YOUR GOAL:
All of the data below should be printed again word for word, pictures excluded.

╭─ RECORD SET

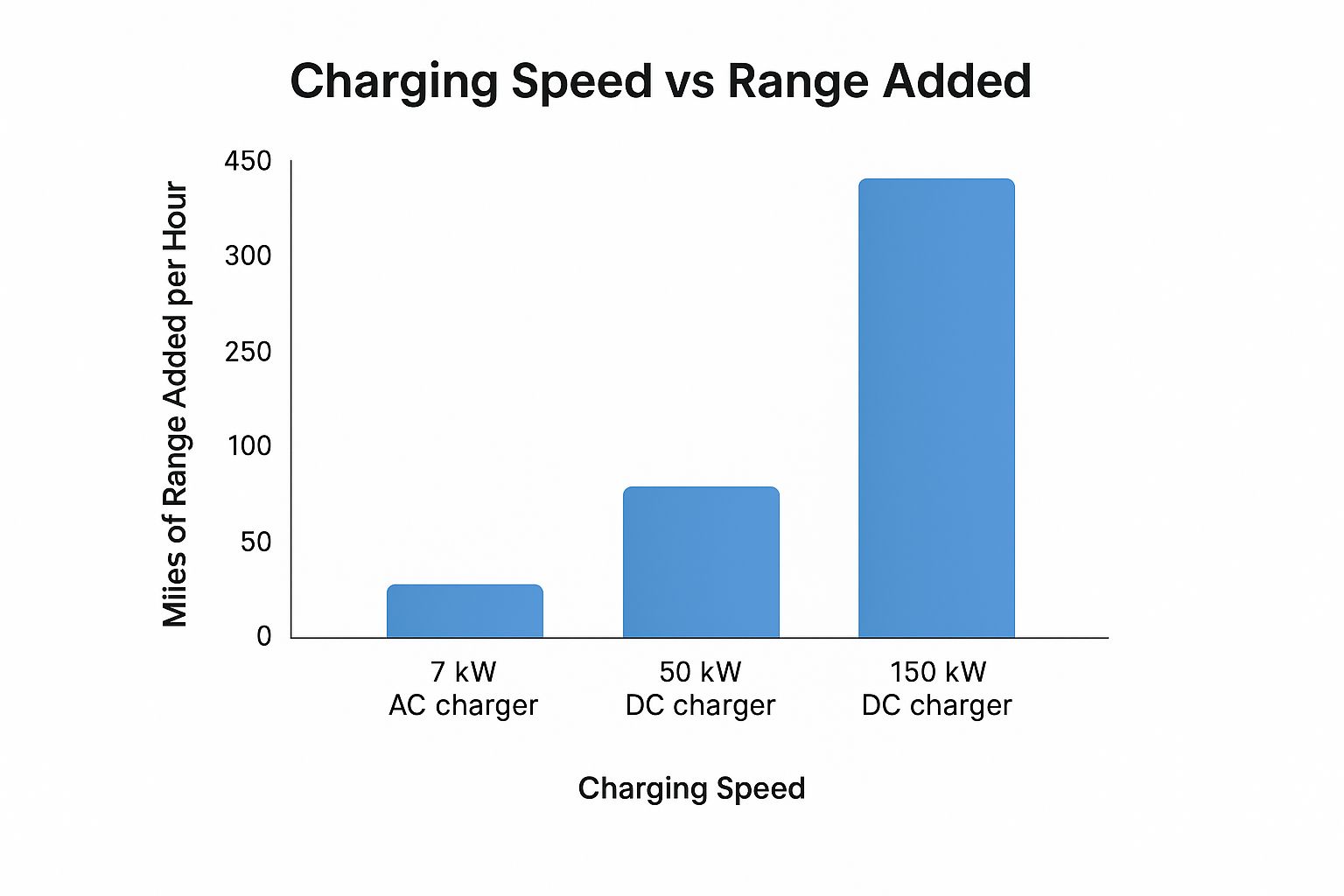 Charger Type | Typical Power (kW) | Approx. Time to Add 100 Miles |
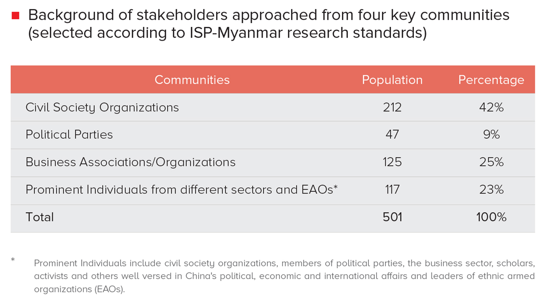 The table presents four communities involved in Sino-Myanmar relations. They are (1) Civil Society Organizations, (2) Political Parties, (3) Business Associations/Organizations and (4) Prominent Individuals, Scholars, Professionals, and Leaders of Ethnic Armed Organizations (EAOs), as well as influential people from social and religious organizations. To select the survey participants, the survey team considered the recommendations made by the key experts after consulting with them at least 20 times with 30 individuals from different sectors. These key experts made their recommendations based on the individual’s professional background, level of expertise in Sino-Myanmar relations, and level of engagement with China and their influence on Sino-Myanmar policy issues.
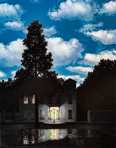 En ‘El imperio de las luces’, Magritte genera una iluminación contradictoria. Un claro oscuro en los límites de la realidad. Un cielo azul surcado por nubes de algodón, reina sobre una casa en penumbra en la que sus inquilinos han encendido la luz en algunos de sus estancias. La línea superior de los árboles y el edificio conecta ambas realidades.
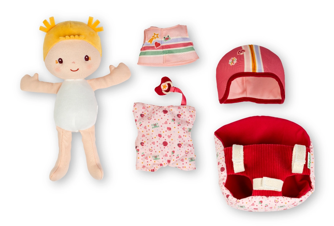 Die Stoffpuppe Lena ist die perfekte Begleiterin für Ausflüge. Dank des weichen Textilkörpers eignet sie sich wunderbar zum Kuscheln und regt Rollenspiele an – Kinder können die Puppe dem Kind zugewandt in den Sitz setzen und während der Fahrt „für sie sorgen“. Der magnetische Schnuller lässt sich leicht anlegen und hält fest, damit er unterwegs nicht verloren geht.
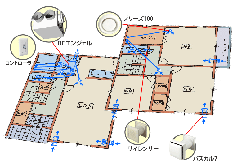 排気型24時間セントラル換気システムです。北見工業大学流体工学研究室との共同開発品で生まれた、高性能DCモーター採用の省エネ換気ファンです。ACモーター仕様の換気システムと比べ、50%以上の省エネを達成し、二酸化炭素の排出量削減へ大きく貢献します。このHiパワー、コンパクト、サイレントFan「DCエンジェル」は、さらに使い易さ追求するため、モーターを外してメンテナンスできるようにしました。

╰─

EXPECTED ANSWER:
 Charger Type | Typical Power (kW) | Approx. Time to Add 100 Miles |
 The table presents four communities involved in Sino-Myanmar relations. They are (1) Civil Society Organizations, (2) Political Parties, (3) Business Associations/Organizations and (4) Prominent Individuals, Scholars, Professionals, and Leaders of Ethnic Armed Organizations (EAOs), as well as influential people from social and religious organizations. To select the survey participants, the survey team considered the recommendations made by the key experts after consulting with them at least 20 times with 30 individuals from different sectors. These key experts made their recommendations based on the individual’s professional background, level of expertise in Sino-Myanmar relations, and level of engagement with China and their influence on Sino-Myanmar policy issues.
 En ‘El imperio de las luces’, Magritte genera una iluminación contradictoria. Un claro oscuro en los límites de la realidad. Un cielo azul surcado por nubes de algodón, reina sobre una casa en penumbra en la que sus inquilinos han encendido la luz en algunos de sus estancias. La línea superior de los árboles y el edificio conecta ambas realidades.
 Die Stoffpuppe Lena ist die perfekte Begleiterin für Ausflüge. Dank des weichen Textilkörpers eignet sie sich wunderbar zum Kuscheln und regt Rollenspiele an – Kinder können die Puppe dem Kind zugewandt in den Sitz setzen und während der Fahrt „für sie sorgen“. Der magnetische Schnuller lässt sich leicht anlegen und hält fest, damit er unterwegs nicht verloren geht.
 排気型24時間セントラル換気システムです。北見工業大学流体工学研究室との共同開発品で生まれた、高性能DCモーター採用の省エネ換気ファンです。ACモーター仕様の換気システムと比べ、50%以上の省エネを達成し、二酸化炭素の排出量削減へ大きく貢献します。このHiパワー、コンパクト、サイレントFan「DCエンジェル」は、さらに使い易さ追求するため、モーターを外してメンテナンスできるようにしました。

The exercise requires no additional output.